Além da Nota: O Silêncio que Fala Mais Alto que as Palavras no Combate à Violência contra a Mulher

29/08/2025

Enquanto Secretaria da Mulher se apega a tecnicismos, movimento social expõe a crise de efetividade das políticas públicas em caso de violência envolvendo agente político 

Um caso de violência supostamente praticada por um vereador no município de Eliseu Martins, no Piauí (já tratado aqui), tornou-se o epicentro de um embate revelador sobre o verdadeiro papel das instituições criadas para defender os direitos das mulheres. De um lado, o Grupo Beldades, um movimento de mulheres local, queixa-se do silêncio e da inércia do poder público. Do outro, a Secretaria da Mulher emite uma nota de esclarecimento técnica, defensiva e, na visão de especialistas, profundamente desconectada da realidade que pretende enfrentar.
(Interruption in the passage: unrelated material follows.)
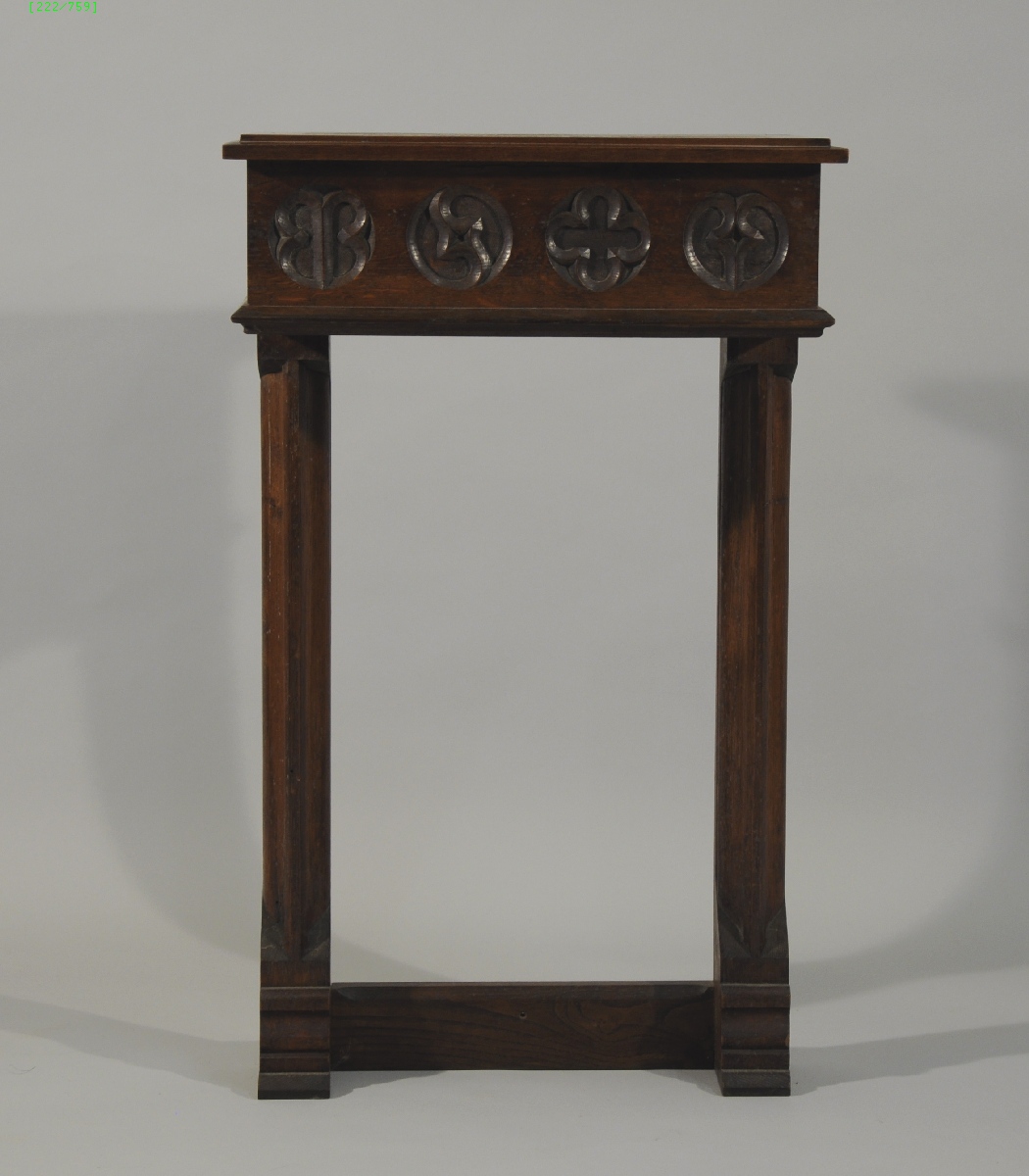 CONSOLE en chêne. Ceinture ornée de quatre rosaces sculptées.

Após a ampla divulgação do caso pelo Grupo Beldades, a Secretaria respondeu, em nota, aos questionamentos:

Inicialmente, uma análise superficial da nota da Secretaria poderia até absolvê-la de culpa formal. O texto é juridicamente impecável: delimita com clareza que a função de investigar e punir crimes é da polícia e do judiciário, conforme a Lei Maria da Penha. Afirma, com razão, que a culpabilização da vítima ou da instituição de defesa é um erro e um reflexo da sociedade machista. Reforça seu compromisso com a prevenção e o acolhimento. Sob uma lógica estritamente institucional, a Secretaria parece estar correta em rebater as críticas.

No entanto, é na segunda camada de análise que a crise se revela. A postagem do Grupo Beldades não é um ataque ignorante às atribuições legais; é um grito de desespero contra a ausência de voz e ação da Secretaria diante de um caso concreto, emblemático e especialmente simbólico. A crítica central não é "por que a Secretaria não prendeu o homem?", mas sim "por que a Secretaria se calou?".
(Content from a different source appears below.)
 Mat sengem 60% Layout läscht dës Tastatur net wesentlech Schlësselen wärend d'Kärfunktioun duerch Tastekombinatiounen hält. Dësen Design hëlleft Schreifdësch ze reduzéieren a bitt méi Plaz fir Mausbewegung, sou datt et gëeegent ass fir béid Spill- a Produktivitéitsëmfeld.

O contexto é tudo. O crime ocorreu e veio à tona durante o Agosto Lilás, mês nacional de conscientização e combate à violência contra a mulher. Este não é um mês qualquer. É um período dedicado exclusivamente à visibilidade, à fala, à quebra do silêncio. É a época do ano em que a Secretaria deveria estar no seu ápice de atividade midiática e política, puxando corajosamente debates e enfrentamentos.

A inércia da Secretaria, portanto, não foi apenas uma falta de posicionamento; foi uma contradição gritante com sua própria razão de existir. Enquanto a instituição que deveria liderar a pauta permaneceu em silêncio, um grupo de mulheres precisou tomar a frente para fazer ecoar a indignação. A nota de repúdio do Grupo Beldades não é um desvio de foco, como insinuou a Secretaria; é, na verdade, a execução prática da função que a Secretaria negligenciou: dar um nome à violência, repudiá-la publicamente e exigir ação do Estado.

A resposta oficial, ao falhar em:

  1. Reconhecer o caso específico;

  2. Solidarizar-se publicamente com a vítima;

  3. Esclarecer que ação concreta, se alguma, tomou;

  4. Liderar o debate durante o próprio mês temático dedicado ao assunto;

acabou por validar a acusação mais grave do movimento: a de ser uma secretaria "de enfeite". A nota técnica, sem coração, sem conexão com o fato e sem autocrítica, serve apenas para proteger a instituição dentro de suas quatro paredes, abandonando as mulheres na rua.

Esta matéria não discute apenas um caso isolado em Eliseu Martins. Ela expõe uma armadilha comum na gestão pública: a ditadura do técnico sobre o político. Órgãos são criados para cumprir uma função social complexa, que exige sensibilidade, comunicação e liderança. Quando se escondem atrás de manuais e portarias, perdendo a capacidade de se indignar, de se comover e de se fazer presente quando mais importa, eles falham em sua missão essencial.

A verdadeira lição desse embate é que combater a violência contra a mulher exige mais do que leis bem redigidas e estruturas organizacionais definidas. Exige presença. Exige voz. Exige coragem política para nomear os agressores, especialmente quando eles ocupam posições de poder. O Grupo Beldades, com sua nota crua e direta, entendeu isso melhor do que a Secretaria da Mulher com toda a sua assessoria jurídica. O silêncio delas, ao contrário do silêncio da Secretaria, foi rompido pelo som necessário da denúncia.